*ACTION ITEM*: Only the lines from the one containing "12月営業日&定休日のお知らせ🎄" through the last line below belong in your copy; transcribe them exactly and omit any pictures.

*AVAILABLE DATA*:
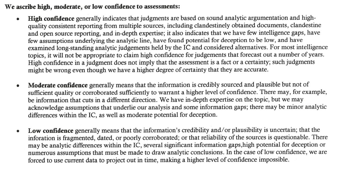 A guide to what low confidence vs moderate confidence means. Pulled from another 2021 unclassified report: Low = info credibility uncertain, info fragmented, questionable reliability Moderate = credible info, but insufficient to warrant high confidence https://www.dni.gov/files/ODNI/documents/assessments/ICA-declass-16MAR21.pdf …pic.twitter.com/j4KXVw60mZ
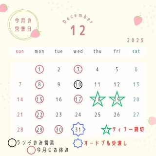 12月営業日&定休日のお知らせ🎄
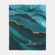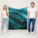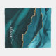 Teal Aqua Blue Green Agate Geode Gold Monogram Fleece Blanket

*ANSWER BELOW*:
 12月営業日&定休日のお知らせ🎄
 Teal Aqua Blue Green Agate Geode Gold Monogram Fleece Blanket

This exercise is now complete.